Archive | Sad face RSS feed for this section

Hope to be Back Soon

6 Sep

Hi, everyone.  I’m back from vacation.  Unfortunately, almost as soon as I got back, my grandmother decided to come visit.  Now, this woman owns the apartment I’m living in, and allows me to live in it rent-free.  For this I am very grateful.  However, she also fits many of the DSM-IV criteria for sociopathy.  She cannot see people as anything other than objects to be manipulated, and therefore has been in many of her previous relationships abusive at worst and manipulative/controlling at best.  My father had to flee to another continent to get away from her when he was a teenager.

So now she’s here, initially for a week but now thinking about staying longer.  It’s her apartment, so she can stay as long as she’d like.  But she’s already reduced me to tears twice in the five days she’s been here, and has had me anxious and stressed for the rest of the time.  So I’m just spending my time out of the apartment.  As you can imagine, it’s pretty stressful.  I already have PTSD from an abusive relationship, so I’m finding this exceptionally difficult to manage.  I’m considering couch-surfing at friends’ places for the duration of her visit.

Oh, and my phone was stolen today. It’s good times.

I’ll be back to a regular posting schedule once she leaves and lets me have my life back.  Hopefully that’s sooner rather than later.

The Eroscillator Chronicles, Part I: My Eroscillator, An Ode

18 Jun

Dear Eroscillator,

I tried to turn you on last week,

You’ve been my favorite for a year.

But your silence caused me to shriek,

And the problem provoked much fear.

Oh no! I cried in disbelief,

My beloved plaything has died!

Desperately desiring relief,

I emailed your maker and sighed.

Of course, they said, send it on back,

We shall honor the warranty.

Hooray!

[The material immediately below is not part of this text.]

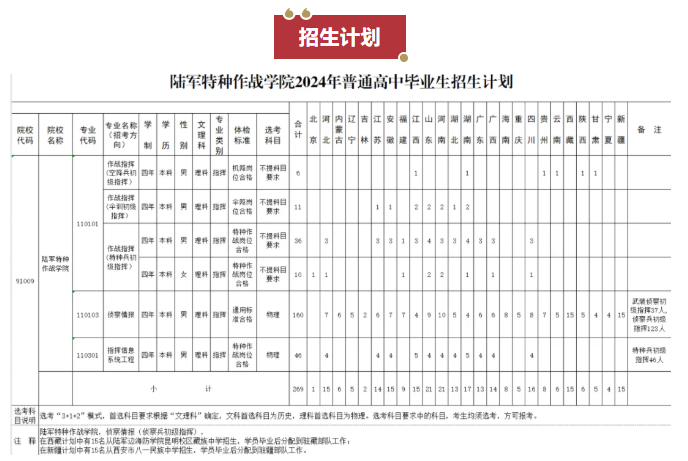 陆军特种作战学院招生简章已公布,2024招生计划269人,其中河北15人,招生专业包括作战指挥、侦查情报、指挥信息系统工程。

I screamed, began to pack,

And I shipped you off happily!

Stay tuned for the thrilling conclusion, which will probably be in prose and will probably contain less melodrama (no guarantees, though).

[Images in this post are in homage to this site, which you should totally check out because she's way funnier than me.]

Problems in Real Life

11 Jan

OK, so posting here has been a little sparse as of late.  There have been some unfortunate circumstances in my life and at the moment I need to focus most of my energy elsewhere.  Just for a little while, though, and then I’ll be back in full force with some upgrades, some new content, tons of new reviews, and a visual overhaul.

So, to those of you I owe reviews: they’re coming!  I haven’t forgotten about anyone.

Just keep your fingers crossed for me that everything works out.

Where I’ve Been

20 Apr

Hi everyone.  Apologies for the long absence.  I’ve been pretty sick, on and off, and coupled with the fact that my life is falling apart at the edges, this makes me turn into kind of a hermit.  So, yeah, I’m going to try to be around more often.  

How’s everyone else?

Lack of HNT

19 Feb

This is the second week running I haven’t had an HNT.  I don’t really have an excuse, other than I’m having serious body-image issues at the moment.  So I think I’m taking a break from HNTs until I feel more comfortable with myself (gonna seriously try to lose some weight).  It’s really hard to hate your body, and trying to come up with HNTs I’m comfortable showing is just driving the point home for me.

Body Issues

6 Feb

So, my body isn’t the easiest to deal with.  I have a lot of medical problems.  But for the most part, I’ve been able to give it the middle finger and do what I want.  So in terms of health, whatever.

It’s body image where I get held up.  My body gave me to several national championship wins in rowing when I was in high school and college.  It has carried me across the USA on a bicycle.  And I still *hate* it.  It’s really come through for me in a lot of ways, yet I am uncomfortable in my own skin every second.  I *hate* this.  It’s so hard to get over relationship related issues when I feel disgusting.

Sigh.  Sorry for the rant.

Ugh

14 Jan

So, it occurred to me tonight that I’ve never been in a relationship where I’ve been treated well. All of the men I’ve had relationships of one sort or another with were very nice to me when we were friends (one was my very good friend for years); they were and are nice to other people who aren’t me. In all other spheres of my life, I’m a pretty good judge of character. It just seems that whenever someone gets into a relationship with me, the inevitable result is that within a few weeks to a month they become indifferent and want to get rid of me or, most recently, one became abusive and cruel. The only person I’ve ever had sex with (or been in love with) was the abusive one, which make me really not want to have sex with anyone else, ever.

I’m hesitant to say this is a problem with “men”: I see lots of other women in perfectly nice relationships where their boyfriend/husband is kind to them. My parents have a very happy, loving relationship. So I guess there’s a problem with me. I don’t know what it is: I try to be a nice person, I like to have fun, I’ve never been particularly clingy (although I’m so fucked up now, who knows).  Am I just not pretty or skinny enough?  I don’t know what I’m doing wrong. I wish I could figure out what’s wrong with me.